* [Exercise description]:
Each entry is to be given again exactly; drop the images.

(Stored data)

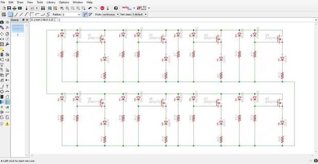 Después los componentes donde yo quería, que conectado a cada uno mediante la herramienta "Net". Nota: Existe otra herramienta llamada la herramienta de "Alambre". Puede parecer más razonable utilizar este, pero utilizando la herramienta de red le ayudará a asegurarse de que tenemos todas las conexiones bien cuando nos movemos en el diseño del circuito. Para utilizar la herramienta de red, haga clic en el icono red. A continuación, haga clic en el extremo del componente que desea conectar, deslice el puntero del ratón sobre el otro componente que desea conectarse y haga clic de nuevo. El resultado final debería verse algo como la imagen en el centro a la derecha. Asegúrese de que hay un pequeño punto en cada punto donde los cables se unirán en un cruce.
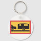An icon of a car towing a caravan. This design looks really effective on these Keychain
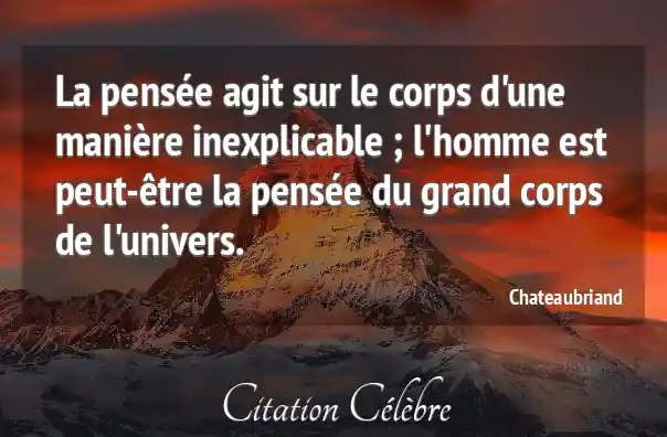 La pensée agit sur le corps d'une manière inexplicable ; l'homme est peut-être la pensée du grand corps de l'univers.
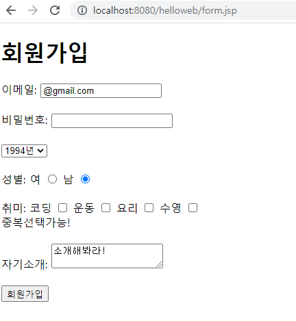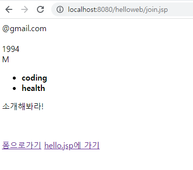 %> // HTML문서내의 자바 영역hello.jsp에 가기 -> 클릭시 작성한name값과 email 값이 hello.jsp페이지로 넘어간다.
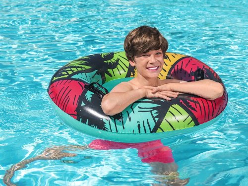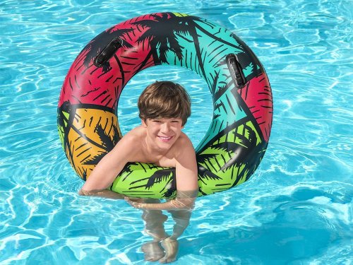 s plávacím kruhom získavajú deti istotu a odvahu, pobyt vo vode pre nich bude zábavný a zároveň aj bezpečný, opatrený dvoma plastovými madlami, ľahký a skladný.
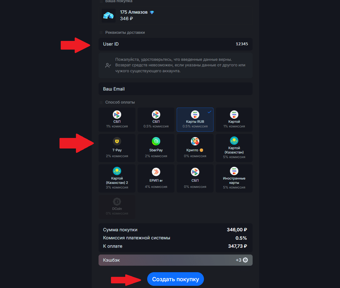 - Обязательно проверьте правильность введенного User ID, выберите удобный для вас метод оплаты и подтвердите создание покупки.
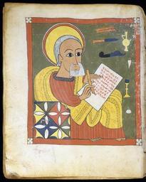 | Keywords: Ethiopian - Leaf from Gunda Gunde Gospels - Walters W85096V - Open Reverse.jpg ca 1540 Stephanite parchment with ink and tempera paint cm 30 24 5 accession number W 850 96V 26726 Church Mädhane Aläm at Mäjate Ethiopia 1892-1893 mode of acquisition unknown Private collection France prior to 1973 mode of acquisition unknown Sam Fogg London date and mode of acquisition unknown Walters Art Museum 1998 by purchase Museum purchase with funds provided by the W Alton Jones Foundation Acquisition Fund 1998 Illuminating the Word Gospel Books in the Middle Ages The Walters Art Museum Baltimore 2004 The Saint John's Bible A Modern Vision through Medieval Methods The Walters Art Museum Baltimore 2009 place of origin Ethiopia Walters Art Museum license 2D Walters MS W850 - Ethiopian Gunda Gunde Gospels Unidentified Saints |
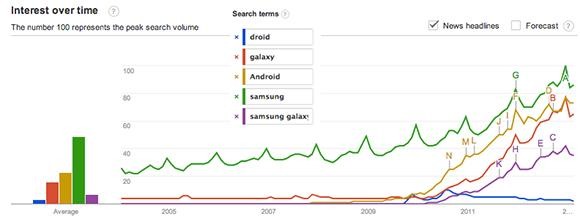 It would appear that the Samsung brand push of the name "Galaxy" associated with their Android-toting smartphones and tablets is working so extremely well that this week the hardware name has become more popular than the software. Having a peek at the findings analyst Benedict Evans has found with a few search term trends in Google's own search engine, it's made clear that as the Android search term has risen, so has the term Galaxy. In November of 2012 it's shown that Galaxy was searched more than Android for the first time either term was relevant in search terms across Google's history.
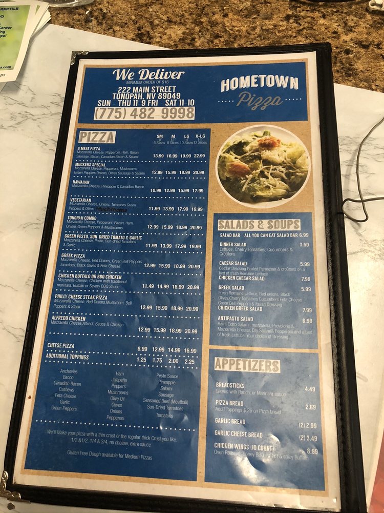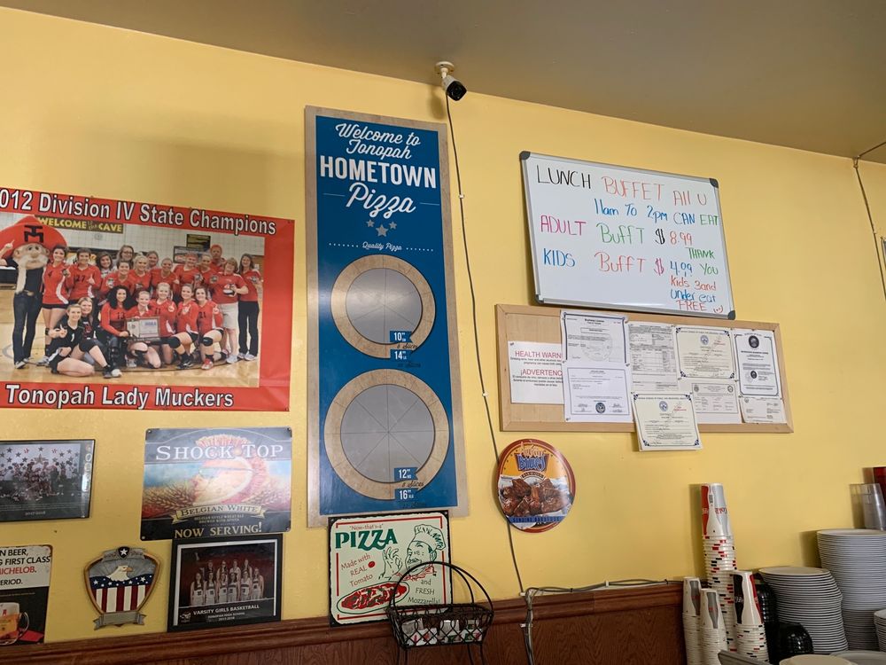 Introducing Hometown Pizza, a pizza joint located in Tonopah, NV, offering a variety of mouth-watering pizza options like 6 Meat Pizza and Chicken Bacon Ranch Pizza. The menu also includes appetizing salads such as Antipasto and Caesar Salad, as well as tempting appetizers like Garlic Cheese Bread and Chicken Wings. Customers rave about the fresh salads, delicious pizza, and friendly service. Highlights include a lunch buffet with a great selection of pizza and a salad bar, perfect for a quick stop on a long drive. The crust is praised for being nice and crisp, and the Tonopah pizza with olives is a must-try. While closed on Wednesdays, Hometown Pizza is the go-to spot for a satisfying meal in town.
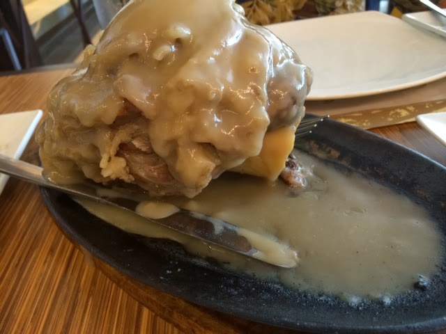 I entered the packed establishment and saw my family’s table filled with several dishes of food. There was Chicharong Bulaklak, Pochero Steak, Banana Heart salad, Kinilaw na Isda, Bam-i, Bikol Express, Crispy Pata, Gizzard BBQ, Chicken Relleno, Baked Scallops, Crab Relleno; all of which I sampled individually. The Chicharong bulaklak was good enough, though not the best. The Pochero steak was a little gamey and the crispy pata had crispy skin but the meat was tough to chew. I’ll have to give them props for their crab relleno (they used real crab meat for this). The baked scallops was also okay, though not the best and the Bicol Express like it had too much coconut milk. The Chicken relleno and the Kinilaw was a great order though. I had a good enough experience here though, plus we ordered a nice serving of leche flan and turon. My mom had a cup of Pinipig with genuine Latik or coconut sweets.

* [Problem solution]:
 Después los componentes donde yo quería, que conectado a cada uno mediante la herramienta "Net". Nota: Existe otra herramienta llamada la herramienta de "Alambre". Puede parecer más razonable utilizar este, pero utilizando la herramienta de red le ayudará a asegurarse de que tenemos todas las conexiones bien cuando nos movemos en el diseño del circuito. Para utilizar la herramienta de red, haga clic en el icono red. A continuación, haga clic en el extremo del componente que desea conectar, deslice el puntero del ratón sobre el otro componente que desea conectarse y haga clic de nuevo. El resultado final debería verse algo como la imagen en el centro a la derecha. Asegúrese de que hay un pequeño punto en cada punto donde los cables se unirán en un cruce.
An icon of a car towing a caravan. This design looks really effective on these Keychain
 La pensée agit sur le corps d'une manière inexplicable ; l'homme est peut-être la pensée du grand corps de l'univers.
 %> // HTML문서내의 자바 영역hello.jsp에 가기 -> 클릭시 작성한name값과 email 값이 hello.jsp페이지로 넘어간다.
 s plávacím kruhom získavajú deti istotu a odvahu, pobyt vo vode pre nich bude zábavný a zároveň aj bezpečný, opatrený dvoma plastovými madlami, ľahký a skladný.
 - Обязательно проверьте правильность введенного User ID, выберите удобный для вас метод оплаты и подтвердите создание покупки.
 | Keywords: Ethiopian - Leaf from Gunda Gunde Gospels - Walters W85096V - Open Reverse.jpg ca 1540 Stephanite parchment with ink and tempera paint cm 30 24 5 accession number W 850 96V 26726 Church Mädhane Aläm at Mäjate Ethiopia 1892-1893 mode of acquisition unknown Private collection France prior to 1973 mode of acquisition unknown Sam Fogg London date and mode of acquisition unknown Walters Art Museum 1998 by purchase Museum purchase with funds provided by the W Alton Jones Foundation Acquisition Fund 1998 Illuminating the Word Gospel Books in the Middle Ages The Walters Art Museum Baltimore 2004 The Saint John's Bible A Modern Vision through Medieval Methods The Walters Art Museum Baltimore 2009 place of origin Ethiopia Walters Art Museum license 2D Walters MS W850 - Ethiopian Gunda Gunde Gospels Unidentified Saints |
 It would appear that the Samsung brand push of the name "Galaxy" associated with their Android-toting smartphones and tablets is working so extremely well that this week the hardware name has become more popular than the software. Having a peek at the findings analyst Benedict Evans has found with a few search term trends in Google's own search engine, it's made clear that as the Android search term has risen, so has the term Galaxy. In November of 2012 it's shown that Galaxy was searched more than Android for the first time either term was relevant in search terms across Google's history.
 Introducing Hometown Pizza, a pizza joint located in Tonopah, NV, offering a variety of mouth-watering pizza options like 6 Meat Pizza and Chicken Bacon Ranch Pizza. The menu also includes appetizing salads such as Antipasto and Caesar Salad, as well as tempting appetizers like Garlic Cheese Bread and Chicken Wings. Customers rave about the fresh salads, delicious pizza, and friendly service. Highlights include a lunch buffet with a great selection of pizza and a salad bar, perfect for a quick stop on a long drive. The crust is praised for being nice and crisp, and the Tonopah pizza with olives is a must-try. While closed on Wednesdays, Hometown Pizza is the go-to spot for a satisfying meal in town.
 I entered the packed establishment and saw my family’s table filled with several dishes of food. There was Chicharong Bulaklak, Pochero Steak, Banana Heart salad, Kinilaw na Isda, Bam-i, Bikol Express, Crispy Pata, Gizzard BBQ, Chicken Relleno, Baked Scallops, Crab Relleno; all of which I sampled individually. The Chicharong bulaklak was good enough, though not the best. The Pochero steak was a little gamey and the crispy pata had crispy skin but the meat was tough to chew. I’ll have to give them props for their crab relleno (they used real crab meat for this). The baked scallops was also okay, though not the best and the Bicol Express like it had too much coconut milk. The Chicken relleno and the Kinilaw was a great order though. I had a good enough experience here though, plus we ordered a nice serving of leche flan and turon. My mom had a cup of Pinipig with genuine Latik or coconut sweets.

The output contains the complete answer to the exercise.